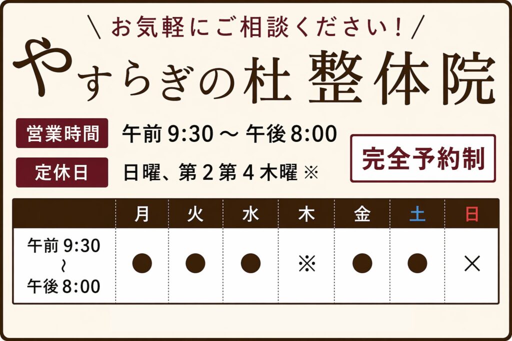 すべての施術が終わりましたら、お会計となります。必要に応じて整体の通院ペースや次回のご予約についてもご案内いたしますので、安心してご相談ください。
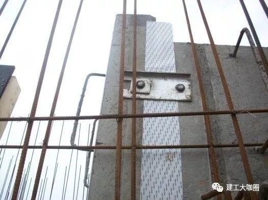 (7)预制构件精调完成后,浇筑砼部位构件拼缝铺贴强粘性的防水绑带,防止在混凝土浇筑时漏浆,见图4-8。
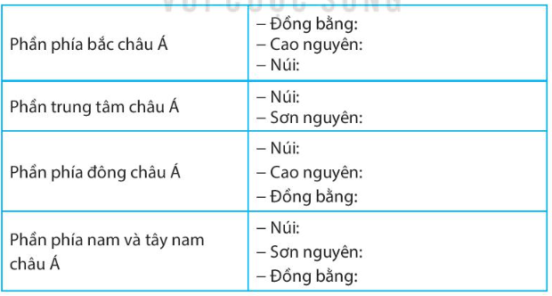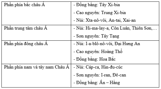 Em hãy vận dụng kiến thức đã học về đặc điểm tự nhiên của châu Á để làm bài
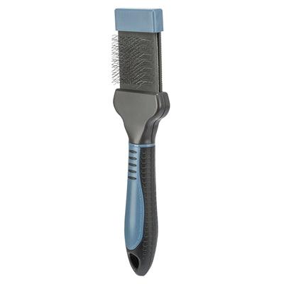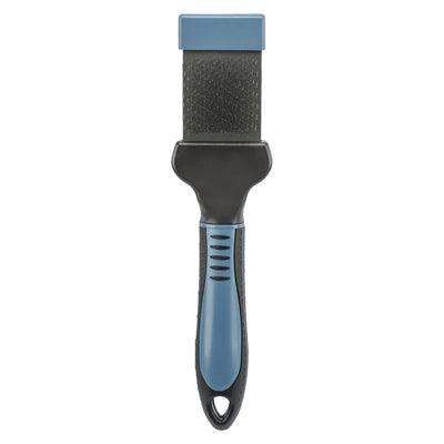 Fine, soft slicker brush with a flexible head for brushing the coat. Brushing removes most of the dead hairs from the coat.
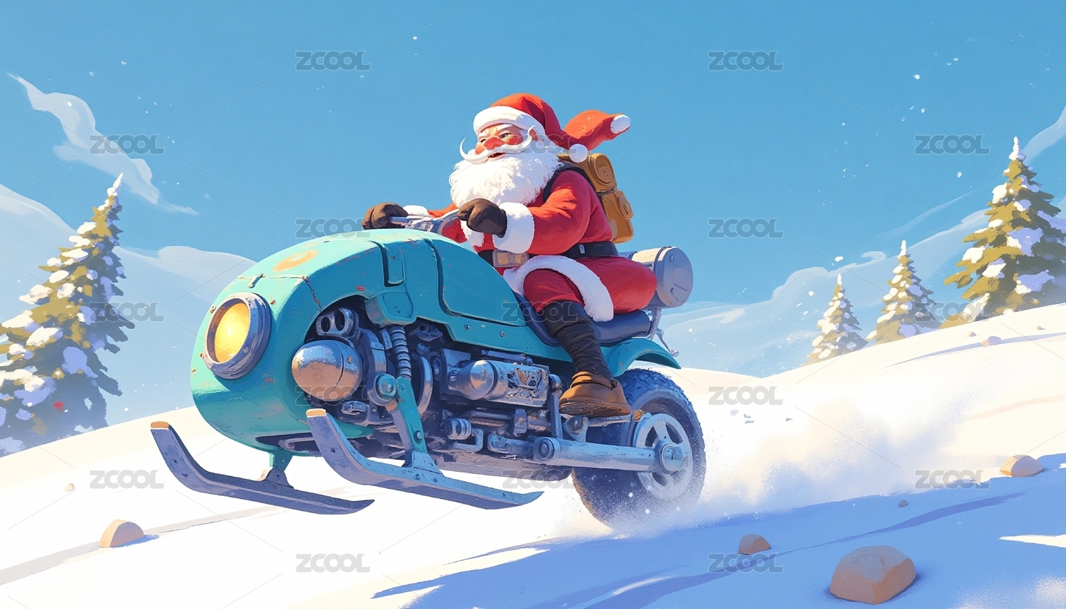 圣诞节,圣诞老人,驾驶,摩托车,雪地摩托,雪橇,飞驰,疾驰,腾空,背包
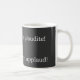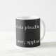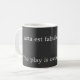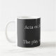 Une tasse grise et blanche avec une expression latine. "On a rapporté que le plaudite de fabula d'est d'acta" est les derniers mots de l'empereur romain Augustus. Il signifie que "le jeu est terminé, applaudissent !"
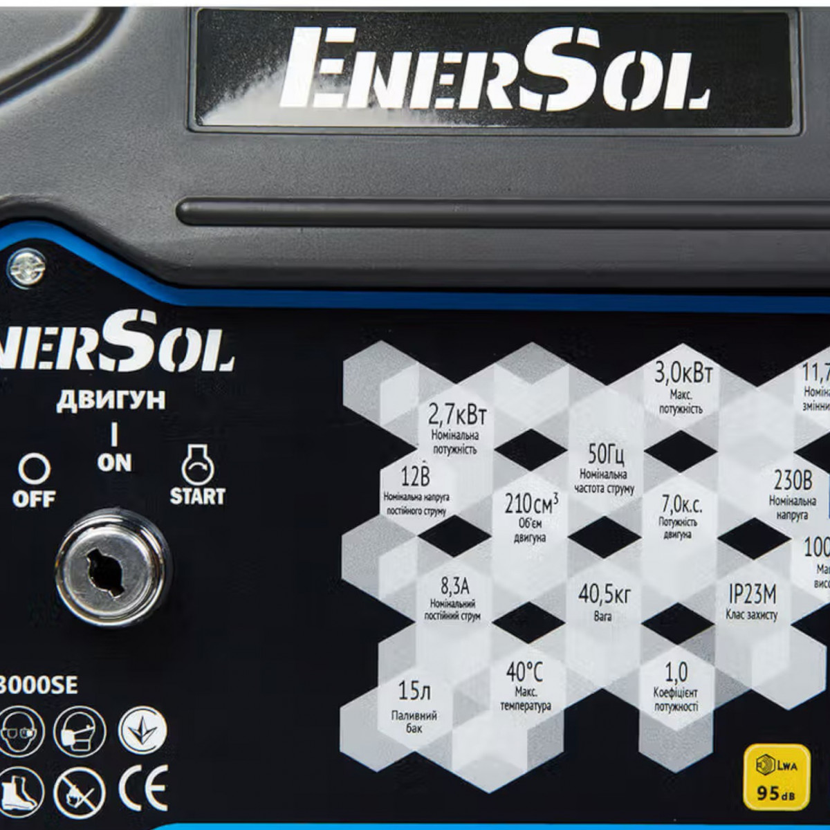 Генератор бензиновый с электростартером EnerSol 210 кубов, 230В, 2.7 кВт. (EPG-3000SE) — надежный источник резервного питания, предназначенный для использования в быту, на строительстве или в мастерских. Оснащен мощным двигателем EnerSol ES-210G объемом 210 см³ и электростартер для удобного запуска. Обеспечивает стабильную работу электроприборов благодаря системе AVR и медному альтернатору.
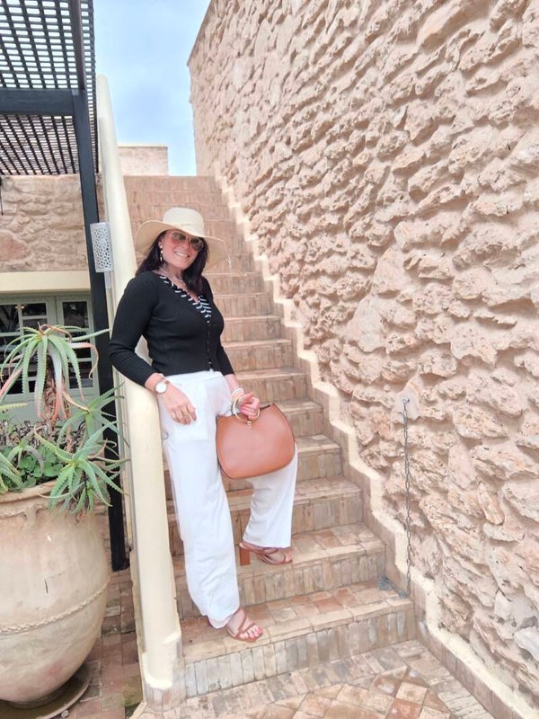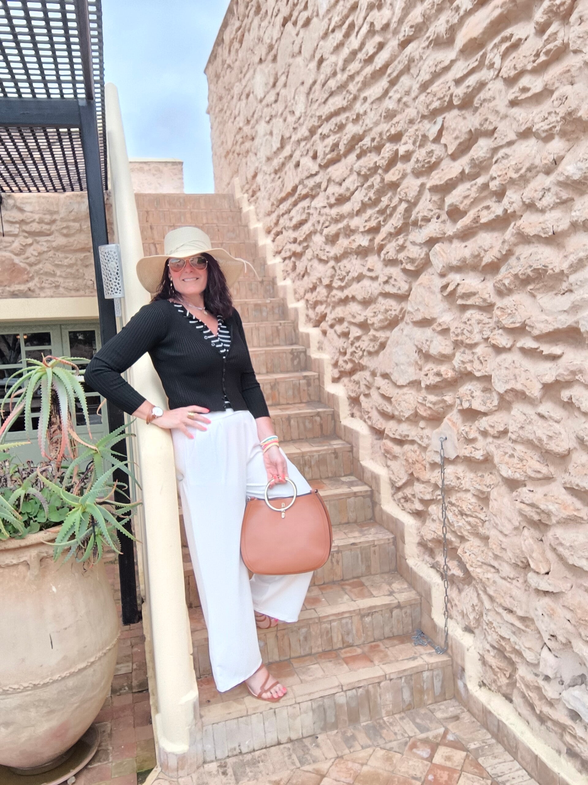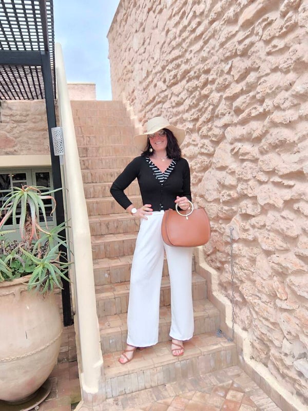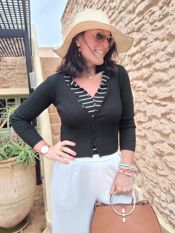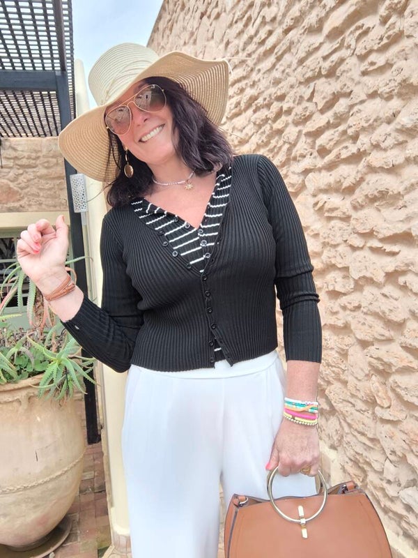 Twin-set côtelé composé d'un top boutonné rayé blanc et noir et d'un gilet noir accroché au top.
* * *
### Task instructions
From the first line to the last, copy the records exactly and skip the pictures.

### Written answer
 すべての施術が終わりましたら、お会計となります。必要に応じて整体の通院ペースや次回のご予約についてもご案内いたしますので、安心してご相談ください。
 (7)预制构件精调完成后,浇筑砼部位构件拼缝铺贴强粘性的防水绑带,防止在混凝土浇筑时漏浆,见图4-8。
 Em hãy vận dụng kiến thức đã học về đặc điểm tự nhiên của châu Á để làm bài
 Fine, soft slicker brush with a flexible head for brushing the coat. Brushing removes most of the dead hairs from the coat.
 圣诞节,圣诞老人,驾驶,摩托车,雪地摩托,雪橇,飞驰,疾驰,腾空,背包
 Une tasse grise et blanche avec une expression latine. "On a rapporté que le plaudite de fabula d'est d'acta" est les derniers mots de l'empereur romain Augustus. Il signifie que "le jeu est terminé, applaudissent !"
 Генератор бензиновый с электростартером EnerSol 210 кубов, 230В, 2.7 кВт. (EPG-3000SE) — надежный источник резервного питания, предназначенный для использования в быту, на строительстве или в мастерских. Оснащен мощным двигателем EnerSol ES-210G объемом 210 см³ и электростартер для удобного запуска. Обеспечивает стабильную работу электроприборов благодаря системе AVR и медному альтернатору.
 Twin-set côtelé composé d'un top boutonné rayé blanc et noir et d'un gilet noir accroché au top.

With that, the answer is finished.